XI

When the old gentleman came in I noticed at once that he was out of humour. He had a large scar on his chin, and three pieces of newspaper on his cheeks. He discharged the contents of my tobacco pouch into a pipe which had a holding capacity of one and a half ounces, and then he became more cheerful—

"I dislike extremely," said he, "the impertinent interference with nature which men are nowadays guilty of. Not content with clamping our feet in leathern boxes, our legs in cloth cylinders, our trunks in a variety of wrappings of complex inutility, and then inserting our heads into monstrous felt pots, we even approach ourselves more minutely and scrape the very hair from our faces which nature has sown there for purposes of ornament and protection; with the result, that it is difficult for a short-sighted person to distinguish rapidly the sex of the people with whom he comes in contact saving by a minute and tedious examination of their clothing.

"This habit of shaving is one which is entirely confined to man. It is the one particular habit that he holds apart from all other animals, and, indeed, it is not an accomplishment upon which he need pride himself, for in parting with his beard he has sacrificed the only pleasant-looking portion of his face.

"It could easily be proved that hair and innocence have a subtle relationship. No very hairy person is really vicious, as witness the caterpillar, of whom I have not heard that he ever bit any one: while, on the other hand, the frog, who is born bald, would doubtless be very savage were it not for the fact that nature has benevolently curtailed his teeth. Fishes, also, an uncleanly race, and who I fancy are shaved before birth, are all monsters of cold-blooded ferocity, and they will devour their parents and even their own offspring with equal and indiscriminate enjoyment.

"The habit of shaving is not of a very ancient origin. When humanity lived a quiet, rural and unambitious life, men did not shave: their hair was their glory, and if they had occasion to swear, which must have been infrequent, their hardiest and readiest oath was, 'by the beard of my father,' showing clearly that this texture was held in veneration in early times and was probably accorded divine honours upon suitable occasions.

"With the advent of war came the habit of shaving. A beard offered too handy a grip to a foeman who had gotten to close quarters, therefore, warriors who had no true hardihood of soul preferred cutting off their beards to the honourable labour of defending their chins. Many ancient races effected a compromise in order to retain a fitting military appearance, for a bare-faced warrior has but little of terror in his aspect. The ancient Egyptians, for example, who had cut off, or could not cultivate, or had been forcibly deprived of their beards, were wont to go into battle clad in heavy false whiskers, which, when an enemy seized hold of them, came off instantly in his hand, and the ancient Egyptian was enabled to despatch him while in a trance of stupefaction and horror. Clean-shaved men became, by this cowardly stratagem, very much prized as fighting men, and thus the foundation of the shaving habit was laid.

"It is a remarkable fact that, save for an inconsiderable number who live in circuses, women have no beards. I am unable at present to trace the reason for this singular omission, but the advantages of beards for women are too patent for explanation. They would improve her personal appearance, and their advantages as air-purifiers or respirators I need not dwell upon. I am certain that a persistent application of goose-grease and electricity to the chin of a woman would at last enable her to become as bearded and virtuous as her husband, besides entitling her to the political franchise. They are perverse creatures, however, and it is possible that this deprivation is responsible for many of their ill-humours and crankinesses. Their scarcity of beard is the more remarkable when we observe that the female cat is as magnificently whiskered as her male companion. The wisdom of cats is proverbial, and I have never heard of a cat who has hired another cat to bite out, tear off, scrape or otherwise demolish his or her whiskers. When I do hear of some such occurrence I shall be prepared to reconsider my position on this subject.
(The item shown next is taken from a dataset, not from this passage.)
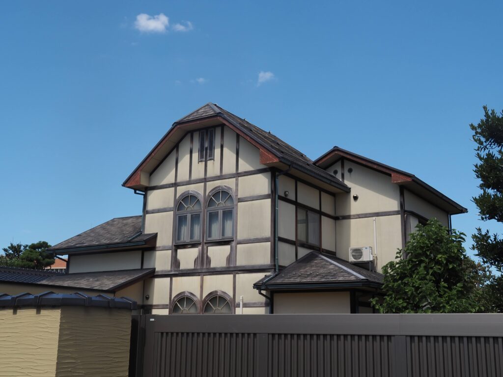 袴腰屋根に2連半円アーチ窓、ハーフティンバー調の外観の洋館。偶然見つけたもので詳細不明。
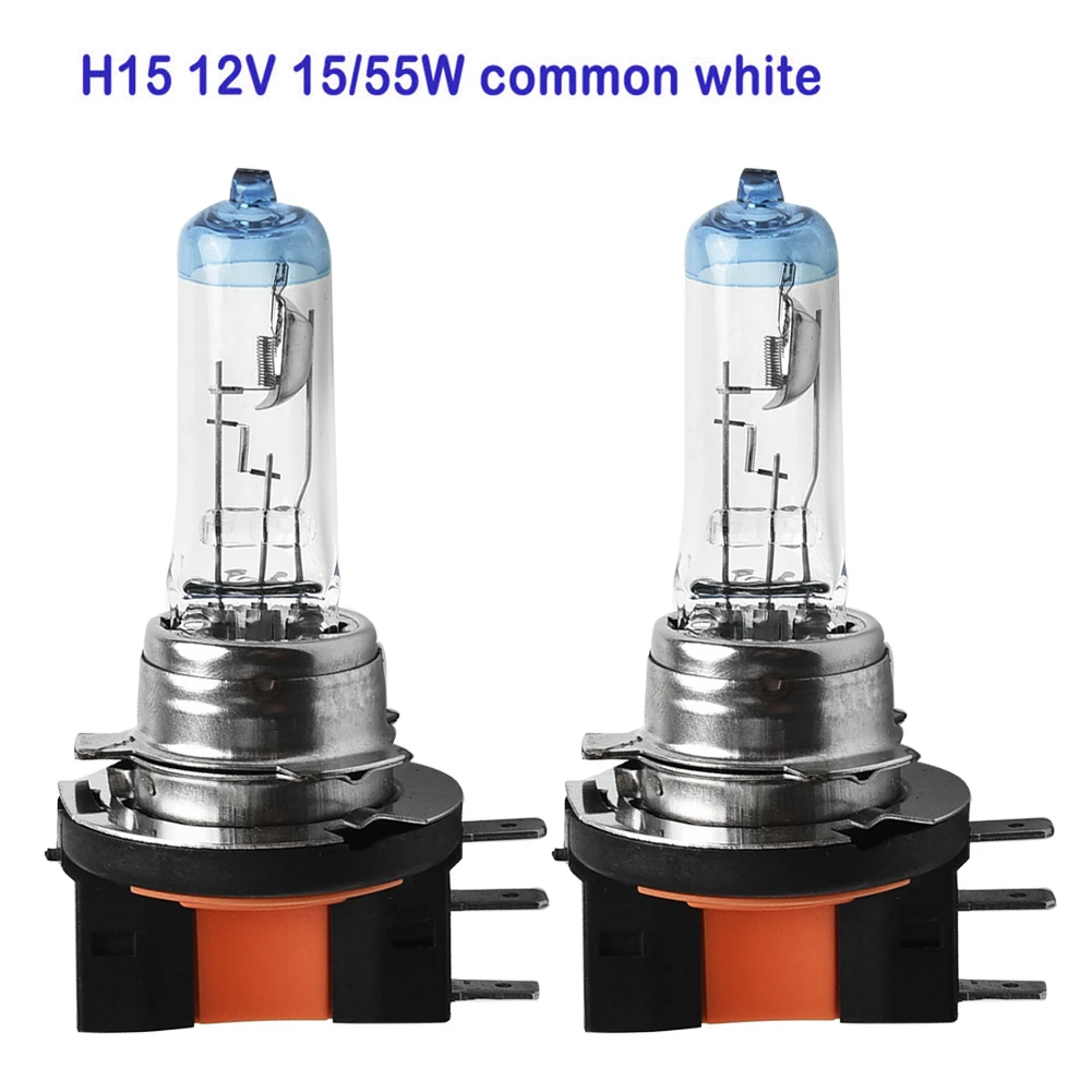 12V Halogen Bulbs 55W Transparent DRL H15 White 2pcs Replacement Parts

"In some ways a clean-shaved face is desirable. A pig's cheek should not have whiskers, neither should oysters nor the face of a clock, but a man's face should never be seen out of doors without a decent and honourable covering."

Having said this, the old gentleman, with remarkable presence of mind, drank my whisky, and then apologised with dignified and touching humility. As we departed the youth behind the counter corrugated his features in a remarkable manner, and said, "bow-wow" by way of valediction.